# Other work



## Bill (Jun 17, 2008)

We here are plumbers, but how many actually depend on it for a living? What other trades do you rely on to fill in with?

me? Framing, remodeling, roofing, siding and so on.


----------



## drtyhands (Aug 16, 2008)

Concrete,Framing


----------



## Plumberman (Jul 7, 2008)

I depend on plumbing for my living. I did a little lawn care when I first got into the local to try to make ends meet. But as the raises came in and the hours I have no other time in my day... or weekends for that matter.


----------



## user4 (Jun 12, 2008)

For now, I rely on plumbing to pay my bills, I do it full time. I also design and build race car chassis, at the moment that business is not very active, and I buy,sell, and restore machine guns and exotic firearms.
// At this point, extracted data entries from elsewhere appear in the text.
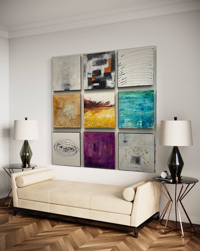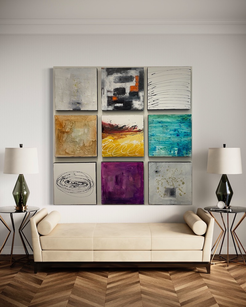 “Desert Dreams” Abstract Pairings 70″x70″ Each of the Nine Canvases are 22”x22”x3” = total of 70″x70″ $1,200.00 each.  Originals, Acrylic Paint on Canvases.
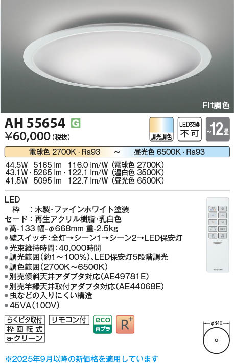 Koizumi コイズミ照明 LEDシーリング AH55654
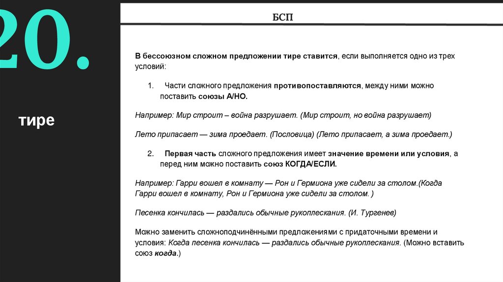 В бессоюзном сложном предложении тире ставится, если выполняется одно из трех

If you have a class 3 license I can give you a good price on Korean made full auto AK-47's.


----------



## Bill (Jun 17, 2008)

Killertoiletspider said:


> I buy,sell, and restore machine guns and exotic firearms. If you have a class 3 license I can give you a good price on Korean made full auto AK-47's.


Is that the same as a "FFL"?


----------



## user4 (Jun 12, 2008)

USP45 said:


> Is that the same as a "FFL"?


Some states refer to it as that, why, I have no idea, the license is federal, it's issued by the BATF.


----------



## Bill (Jun 17, 2008)

OK, here in VA its a FFL.


----------



## uaplumber (Jun 16, 2008)

I concentrate on plumbing and or pipefitting


----------



## nhmaster3015 (Aug 5, 2008)

find all the other trades ot be beneath me. Plumbing is a profession. Nail hammering is a job.:yes:


----------



## 422 plumber (Jul 31, 2008)

At 44 bucks an hour, plumbing is all my wife needs me to do to maintain the lifestyle to which she has become accustomed


----------



## Bill (Jun 17, 2008)

44 an hour??
I have not done that for about 5 years. 85.00 an hour and a 1 hour minimum.


----------



## user4 (Jun 12, 2008)

USP45 said:


> 44 an hour??
> I have not done that for about 5 years. 85.00 an hour and a 1 hour minimum.


He's union and works for someone else, that is his hourly wage.


----------



## service guy (Jun 26, 2008)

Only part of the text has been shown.